Thinking a lot lately

Jan 31, 2006 13:45

I don't know whats been going on with me... I seem to be having this good balance of working hard and playing hard for the past couple weeks. I can't help but think of all the thoughts in my head... Melissa and Audrie were on my mind last night.. Audrie just seems like the biggest waste of time ever - and the more i talk to her and the more I dont talk her remind me of why i didn't want to date her the first place... too indecisive.. too unemotional.. she doesn't want what i want and that more out of life.. I dunno - she seems almost careless about how i feel and how i want to go about things more involved with people who "seem" no good for her but w/e.. not my choice..and she gets mad when I ask questions - she doesnt understand that I have no idea how she feels about me - so i feel like i have to ask to know.. i shouldnt have to... i should be able to call her and she says pete i miss you - or use little words to make me know she actually cares - baby, hunnie, i dont care anything.. she used to call me all the time... i stopped to see how much she would call and since i got back its been close to none.. and melissa... i guess im still kinda bent out of shape about it.. bleh i really don't have much to say.... and the odd thing is i've met so many people in these past few weeks - beautiful women my age - and I just don't flirt.. im almost unphased by them...Almost too picky... I guess melissa is exactly what i wanted and now i can't have it so im throwing my hissy fit.. and audrie is just... well...old flame that for w/e reason im trying to rekindle even though its a retarded and stupid idea on my behalf...

Things at home aren't too great --- me and my dad re getting that tension where i know he wants to fight me... but things have changed so much..its been years... he gets mad at these idiotic falicies he builds in his own mind of how his own family is out to get him... he's chosen to ignore me for whatever reason and in my rebuttle have chosen to push him til he cracks - which is a first for me... my mom is talking about throwing him out of the house... this sunday.. My father is such a complex person that I don't want to understand anymore - its been 22 hard years just to get him to treat more like a son and less like an enemy.. communication is open amongest us - except for him - he has this Im ALWAYS right and ur ALWAYS wrong - him and my mom are arguing over the fact she wouldnt let him eat her snacks.. --- he's decided to buy his own groceries and not let us have any.. how fuckin odd is that i feel like taking a baseball bat to his eggs and pouring his oj down the sink - i mean.. who fucking does that? are you kidding me?

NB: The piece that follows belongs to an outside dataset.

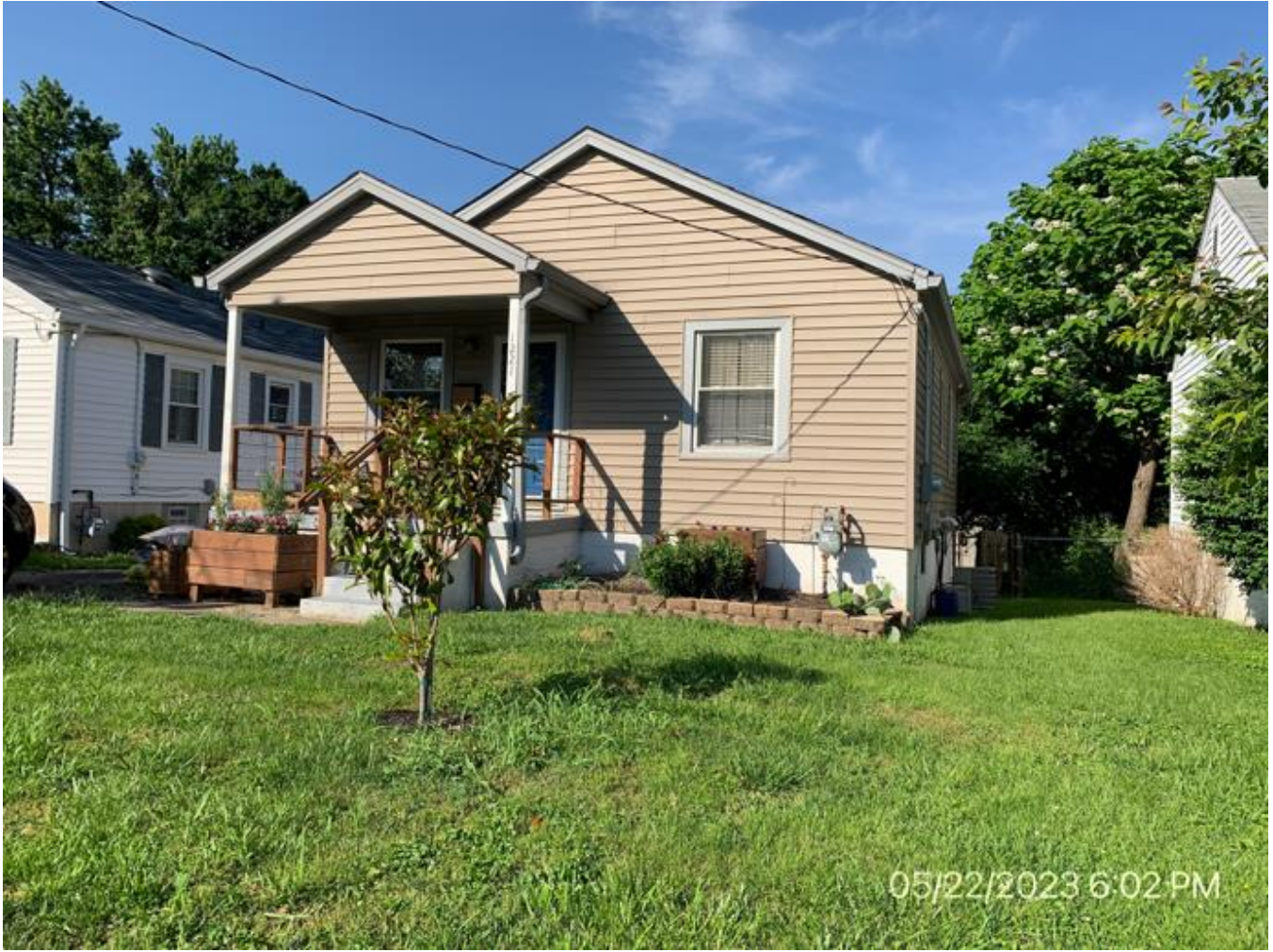
Left of subject property.

stress like this makes me wants to save my money quicker to join the navy... save up enough to pay off the court fees and asap and just get the fuck out! im sick of it... the only good thing i have left is my friends...and not even my best friends at that...

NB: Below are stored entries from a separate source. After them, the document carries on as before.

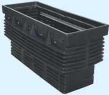
UG2006 - P6 Pit
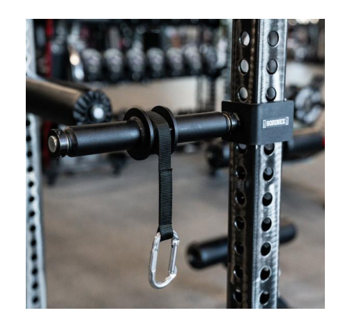
PLATE LOADED DESIGN
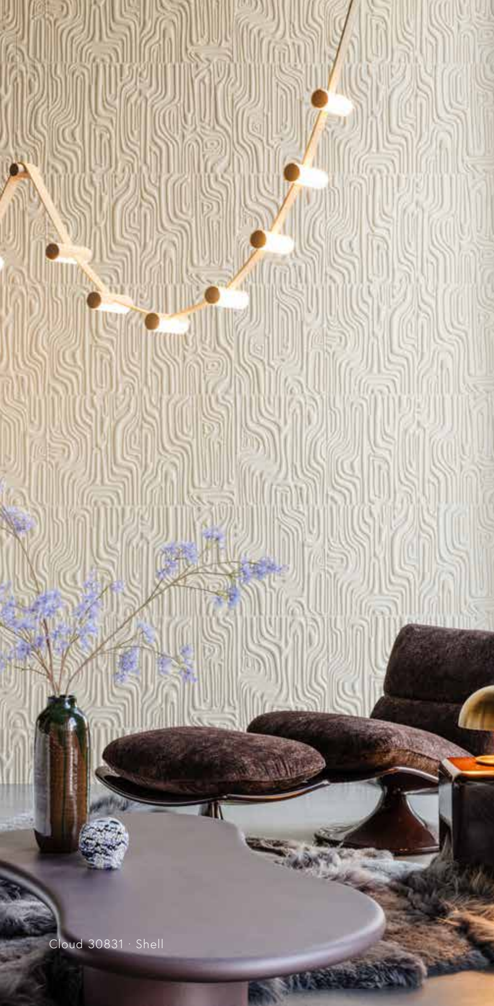
Cloud 30831 · Shell
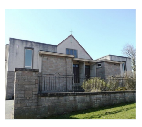
Our Lady of Lourdes Church, Dunfermline
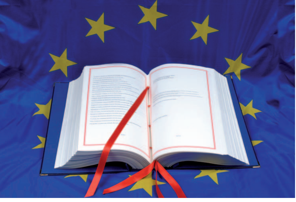
The Lisbon Treaty, signed in 2007, entered into force on 1 December 2009. It lays the foundation for the Union's procedures, policies, and performance.
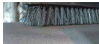
Electric Insulation Detection (EID)
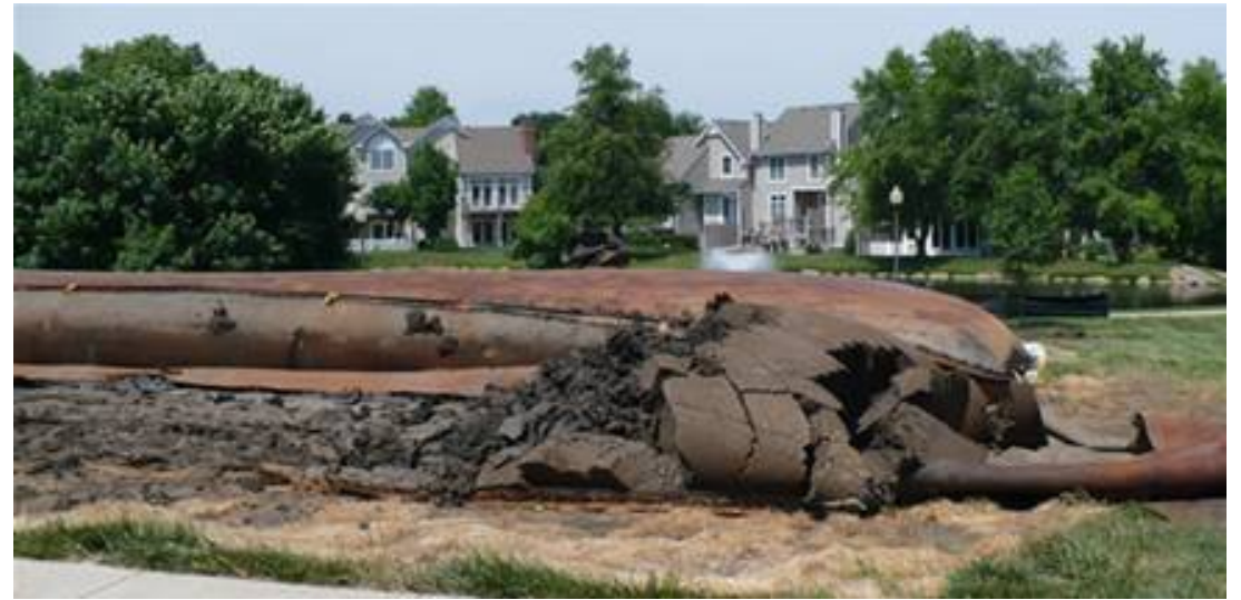
Envirotubes being cut open to enable the dry material to be removed.

Based on a reduced Lake area of approximately 18,000m^2 if an average of 400mm of material was removed, this would equate to a volume of 7,200m^3 (solid measure). If some of this material were to be reused as backfill behind the proposed walls (as previously estimated 3,500m3), only about 3,700m3 would be required to be removed off site.
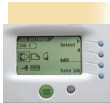
User friendly control panel

* All paper & envelope specifications may vary. All media must be tested.
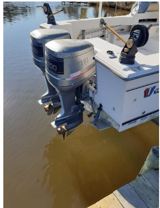
Wellcraft 26 200HP Yamahas
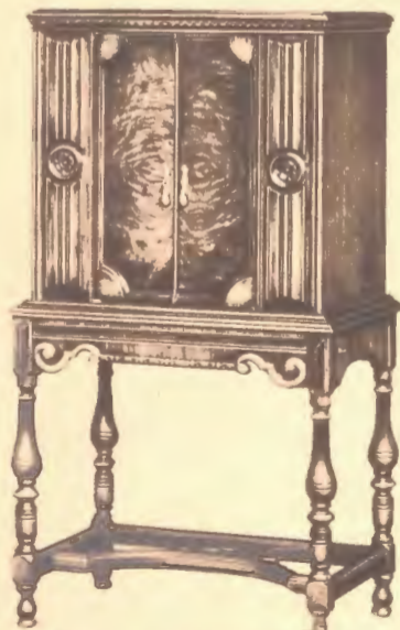
MODEL 92—Jacobean Highboy of American Walnut. Doors of Butt Walnut, matched both front and back; overlays of Australian Lacewood. Price $158.00 less tubes. Complete with Matched Majestic Tubes, $179.50. Only 49c a day for one year.

Join the Majestic Savings Club. Ask us about the convenient Majestic Savings Bank.
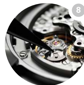
Adjustment of the rate
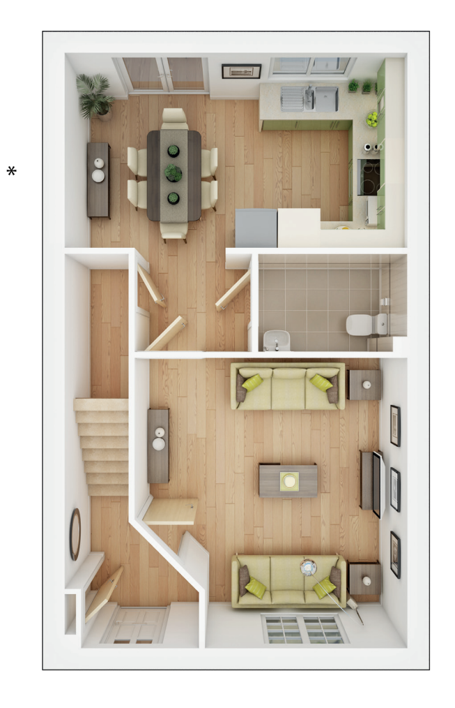
TOTAL 975 sq ft *Plot specific windows.

Ive been mad at rita for leaving me once to edwins...
I shouldnt be cus she warned me to hurry up - but shes supposed to be my homie - i can just hurry and get ready.. she wouldnt be at half the parties with me if i never invited her... i dunno thats so gay to hold something like that against her.. shes a good person.

bobbys gone, kevins gone, russ, laurie, steph lives in alexandria, kellie in georgia, melissa at radford.. all these people i used to tell me life to are gone but jesse.. and even that is barely there... clouded by work schedule and gym...

this is my breaking point... i feel im going to snap at any minute.. the fact valentines day approaches for the 5 year without a valentine makes me sick - makes me think more on how i miss melissa not only as a friend but as a girl i could show love to or anyone for that matter... whack.

Im out.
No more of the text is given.